I don’t like to speak about the real estate market as one thing. It’s very regional. It can vary a lot from province to province, city to city, and even neighbourhood to neighbourhood.

It really depends on where you live in Canada. For example, the COVID-19 pandemic has really hurt people in Alberta. Not only has the resource sector taken a beating, but COVID-19 has also affected the overall economy as well. With the economy not firing on all cylinders, the demand for real estate has dropped. That’s why we see a price correction there.
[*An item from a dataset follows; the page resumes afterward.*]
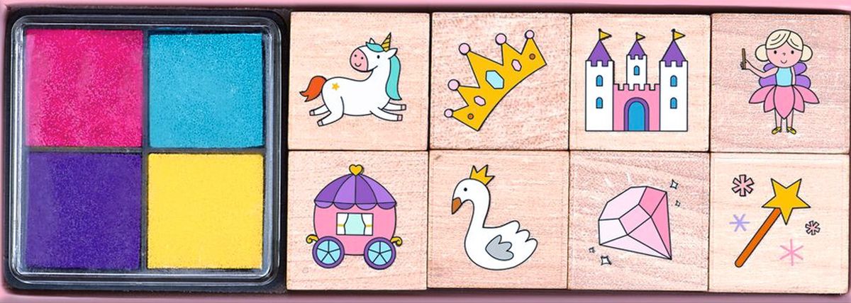 Drewniane stempelki przedstawiające Magiczny Świat Wróżek to niezwykłe gadżety, które sprawią ogromną radość każdemu maluchowi, w wyjątkowy sposób rozwijają ich kreatywność. W zestawie znajdziemy 8 stempelków: jednorożca, karocę, koronę, złotą kaczkę, zamek, magiczny kryształ, wróżkę i magiczną różdżkę oraz 4 tusze: czerwony, niebieski, żółty i fioletowy. Drewniane stempelki z różnymi motywami są idealne do tworzenia listów, kartek, obrazków i ozdabiania prezentów. Wyobraźnia dziecięca nie zna granic. Na każdym stempelku umieszczona nakładka z motywem przedstawiającym Magiczny Świat Wróżek. W zestawie znajdziemy: jednorożca, karocę, koronę, złotą kaczkę, zamek, magiczny kryształ, wróżkę i magiczną różdżkę. Zestaw składa się z 8 wzorów najwyższej jakości drewnianych stempelków o wymiarach 3,5 cm x 2 cm x 2 cm. Stempelki odbijają tylko wzór, bez dodatkowej obwódki, co bardzo podnosi ich wartość dekoracyjną. W opakowaniu znajduje się tusz w 4 kolorach: czerwonym,niebieskim, żółtym i fioletowym. Wymiary opakowania: 13 cm x 4,5 cm x 4,5 cm. Kategoria wiekowa: 3+. UWAGA! Elementy i tusz, nie nadają się do spożycia! Zalecana zabawa pod nadzorem osoby dorosłej! x

However, if we look at somewhere like Toronto, the real estate market is still going strong. Toronto saw a record number of homes sold in 2020. Certain segments of the real estate market have fared better than others. Single-family home prices increased year over year. However, condos in downtown Toronto have had a tough year. Nobody wants to buy them right now as people can work remotely. And most of the amenities that made downtown Toronto a happening place are temporarily closed during COVID times.

I don’t think a housing crash is very likely. It largely depends on how quickly the Canadian economy recovers from COVID-19. If the vast majority of our population is vaccinated by September 2021 as the Prime Minister has promised, I think that will put us in relatively good shape compared to other countries. However, if the vaccine rollout doesn’t go well and COVID is around for longer than anticipated, that’s when I think we could see it affecting the real estate market in certain parts of the country.

But I don’t think it’s very likely we see a housing correction across the board. It seems that we’re through the worst part of the Coronavirus pandemic. If we can make it through the winter, I think the real estate market will be in pretty good shape in the springtime. I wouldn’t expect 2021 to be as good of a year as 2020 in terms of home sales. I would expect it to be a decent year overall, though.

As for renters, I certainly think we’ll see some evictions, but I think the worst is over. Unless government money runs out and programs like the CERB end, I think renters will be fine for the most part. If you follow the advice mentioned earlier, you should be fine.